Critiquing: Really shitty AMD X570 (also B550) SATA SSD RAID1/10 performance - Sequential Write Speed Merely A Fraction Of What It Could Be :(

Hi,

I’m creating this thread to warn other users and vent my own frustration about the abyssmal performance of AMD’s X570 motherboard software RAID performance for SATA SSDs.

While I understand that SATA/AHCI isn’t getting much love anymore and NVMe is the future, I still highly value this technology for being very reliable at this point in time.

I made these observations while I was setting up a new daily-driver system that was supposed to have SATA RAID1 for its operating system (Windows 10), after many frustrating hours, SSD erases and operating system reinstallations I’m currently also trying out RAID10 which performs similarly bad.

Simplified overview of my expectations:

  • RAID1 (2 SSDs): 2n read performance, 1n write performance (only looking at sequential speeds);

  • RAID10 (4 SSDs): 4n read performance, 2n write performance (only looking at sequential speeds);

Reality with AMD’s software RAID1 and 10:

  • RAID1 (2 SSDs): <2n read performance, 0.5n write performance (only looking at sequential speeds);

  • RAID10 (4 SSDs): <4n read performance, 0.5n write performance (only looking at sequential speeds);

The performance is so bad that when I use the motherboard’s 2.5 GbE NIC to copy data to the RAID array the responsiveness of applications is tanking (reminder: operating system installed on it) since the copy process with its a little over 200 MB/s is maxing out the RAID array to 100 % load according to Task Manager or HWiNFO.

This is absurd.

The source of these issues seems to be bugs but I haven’t been able to recognize a repeatable pattern yet.

Switching through the available RAID array cache settings in AMD’s RAID management software I can sometimes see write values reach the normal expected speeds of 1n/2n but this is only temporary.

I have absoluetely no idea what the cause for the bottleneck is

  • Tried Windows 10 20H2 and 21H1 with all Windows Updates, device firmwares and drivers up-to-date;

  • Checked that Windows is not doing something in the background (also physically disconnected ethernet adapter connections to be 99 %-sure);

  • Erased all SSDs and tried again;

  • Created the RAID arrays with completely default settings, with changed stripe sizes (AMD’s documentation warns against this), with and without initialization;

  • I’m using Micron 5300 PRO 3.84 SSDs (tested 6 units), while not the fastest SATA SSDs on the planet they are enterprise-class ones that can sustain their performance even when filling them up and more importantly have complete powerloss protection to ensure a RAID array’s data integrity in PSU/motherboard failure scenarios;

  • All SSDs get a clean SATA 6 Gb/s connection to the motherboard, all C7 SMART values are still completely unchanged at their factory-new values implying there are no electrical communication issues between the SSDs and the motherboard’s SATA controller;

  • Tested all 8 of the motherboard’s X570 chipset SATA ports;

Observations where I’m not sure of regarding their impact on the situation

  • Even when choosing all member drives of an array to be “SSDs”, the AMD RAID drivers are presenting the RAID array to Windows as a mechanical HDD;
    (Fixed with new driver package released on May 25th, 2021)

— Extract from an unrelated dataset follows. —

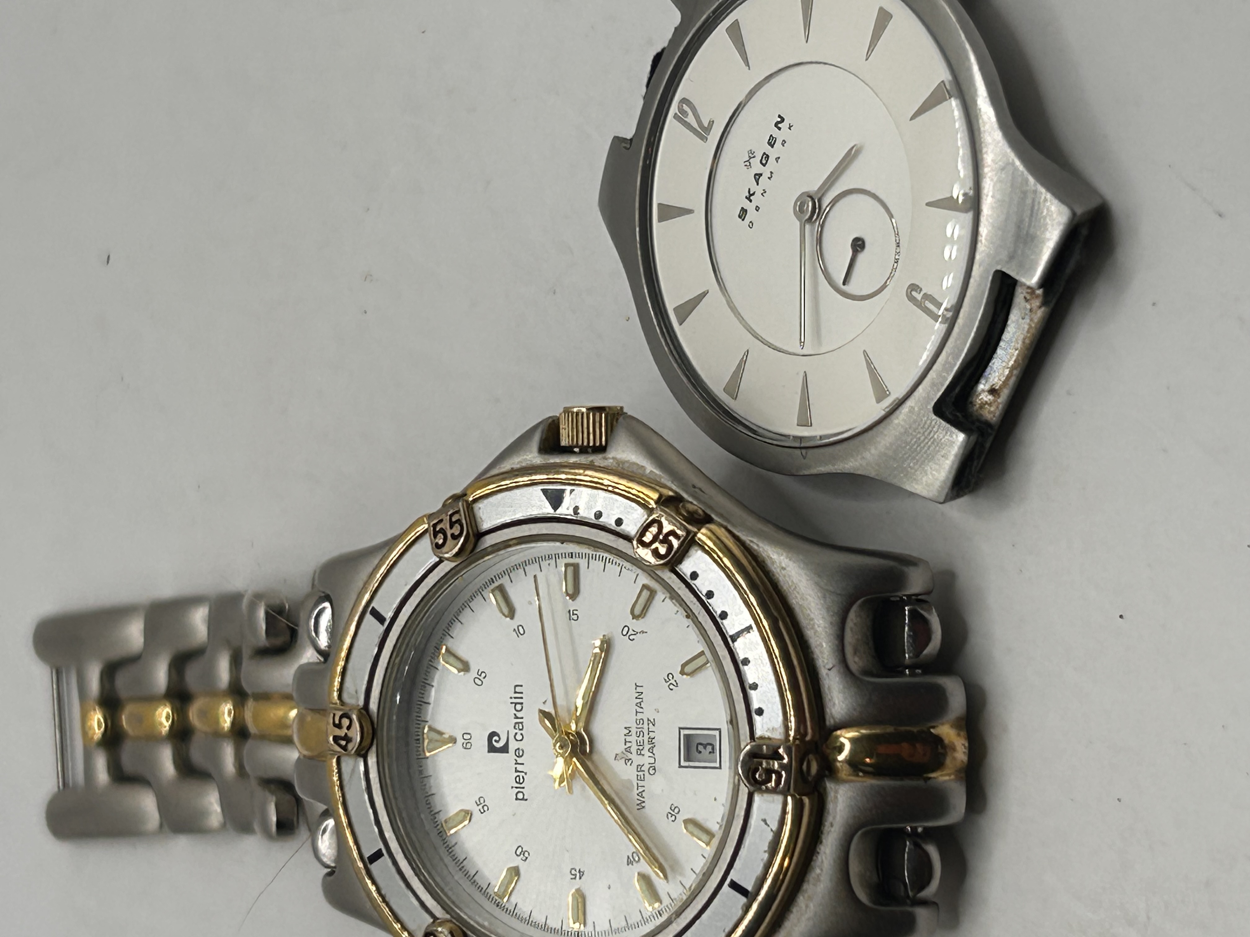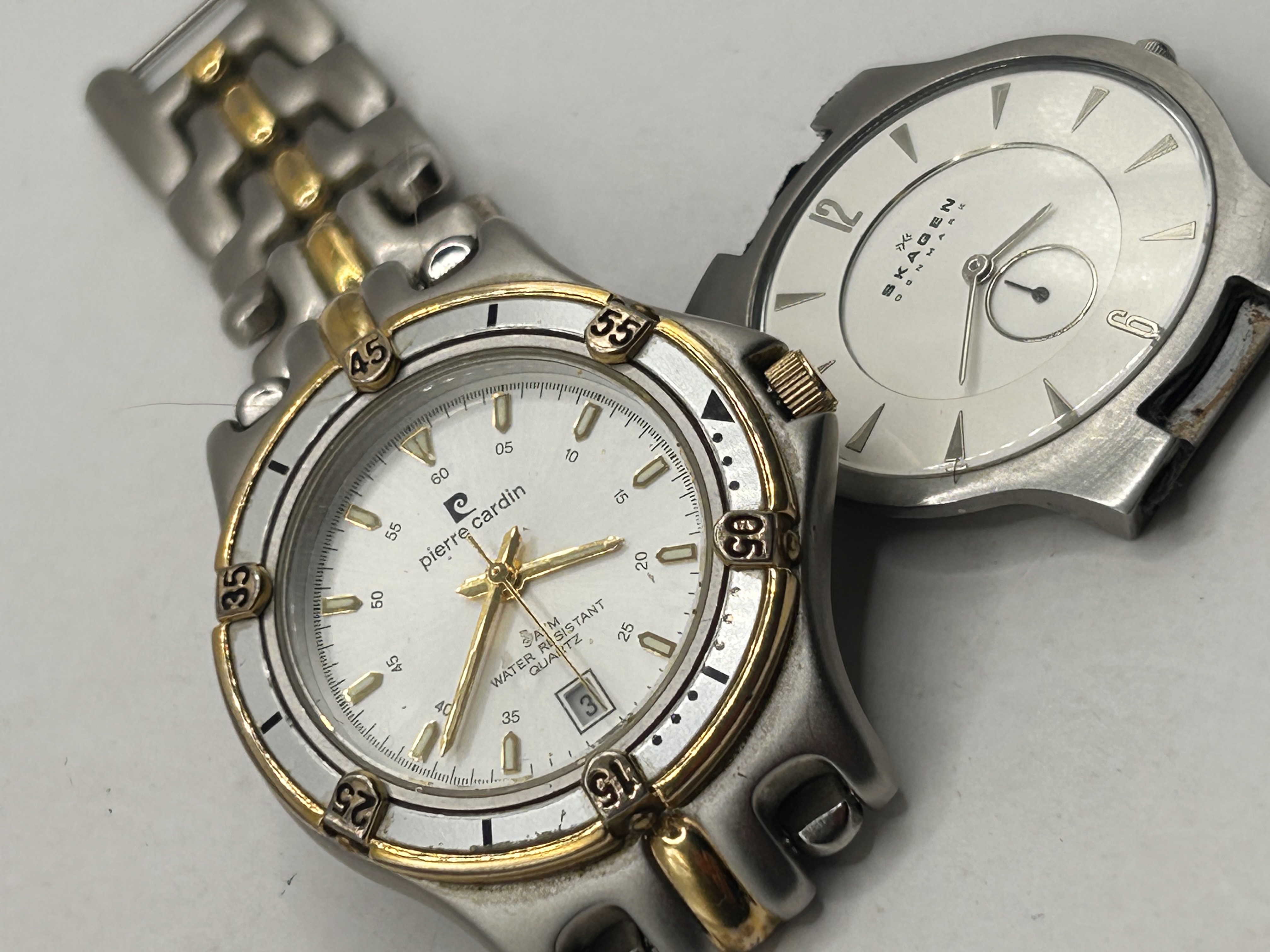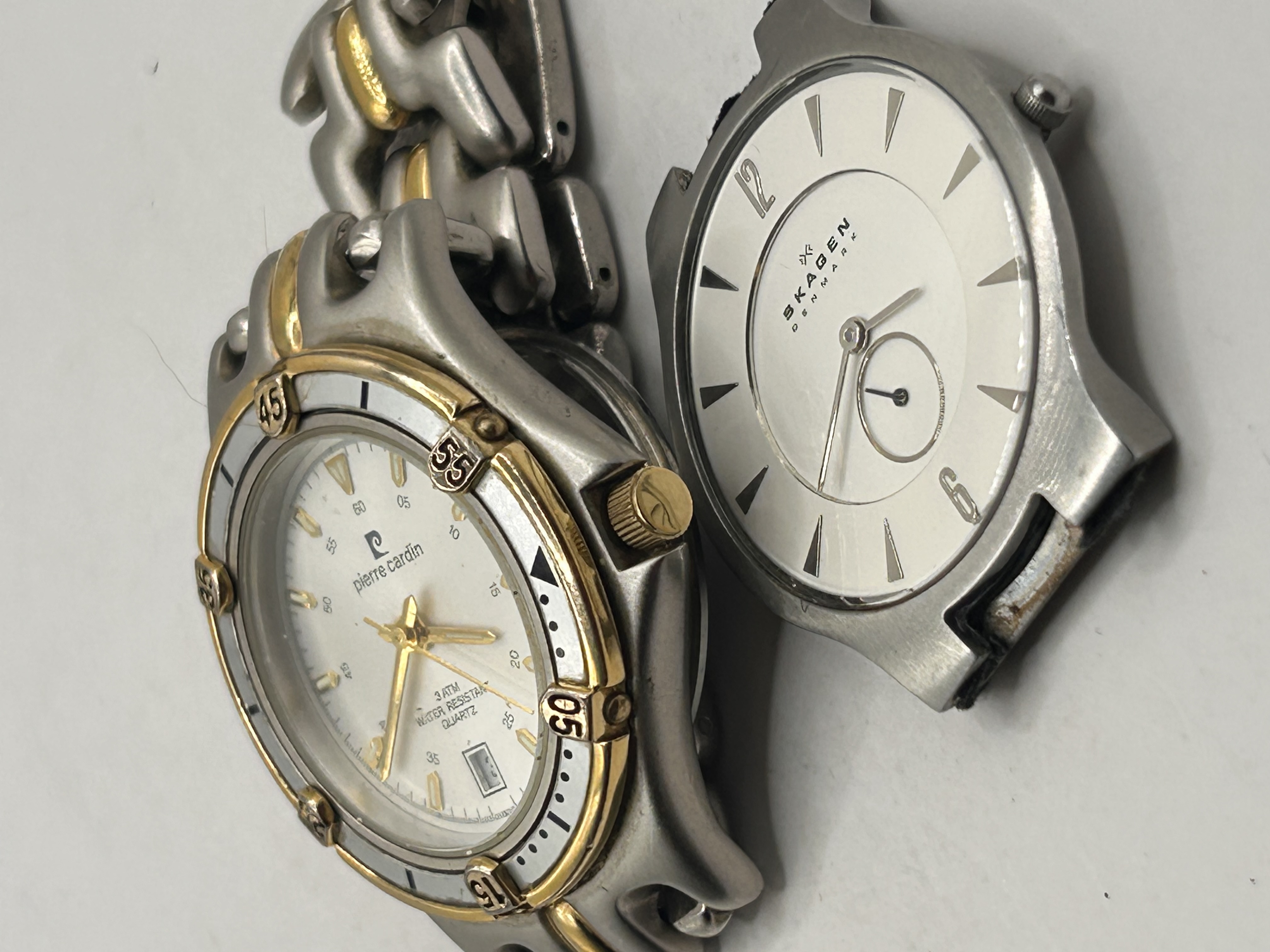 This lot consists of two quartz timepieces. The first is a Pierre Cardin wristwatch featuring a two-tone design with a silver-tone case and link bracelet accented by gold-tone segments. The watch includes a gold-tone rotating bezel marked with numerals such as 45, 50, and 05. The white dial displays gold-tone hands, a date window at the 3 o’clock position, and is marked pierre cardin, 3 ATM / WATER RESISTANT / QUARTZ. The construction appears to be stainless steel or base metal. The second item is an incomplete Skagen watch case and dial assembly. This piece features a minimalist silver-tone case, marked SKAGEN DENMARK, with a white dial displaying applied stick hour markers, Arabic numerals at 12 and 6, and a subsidiary seconds register. The Skagen item is missing its band.

  • TRIM is not supported by AMD’s RAID drivers, would be pretty bad when using consumer-grade NAND SSDs;

System hardware configuration:

  • ASRock X570 Taichi Razer Edition, P1.50
  • 5950X
  • 128 GiB RAM ECC
  • PCIe x16 #1 (CPU): GPU, PCIe 4.0 x8
  • PCIe x16 #2 (CPU): Ethernet adapter, PCIe 3.0 x8
  • PCIe x16 #3 (X570): Thunderbolt 3 adapter, PCIe 3.0 x4

Appendix:

RA: Read-ahead cache

WB: Write-back cache

2 Likes

How are you testing various configs? One thing that might not be apparent is that with multiple devices involved, it will require multiple read threads working in parallel. A single threads’ reads can’t (usually isn’t) split over a set of devices. But if you have 3-4 readers reading one file, then the reads will queue properly.

3 Likes

This is not necessary here for simple RAID1/10 volumes when testing for sequential speeds, CDM can with its standard settings for sequential runs (SEQ1MQ8T1) reach the a little over 900 MB/s write for a RAID10 configuration, for example.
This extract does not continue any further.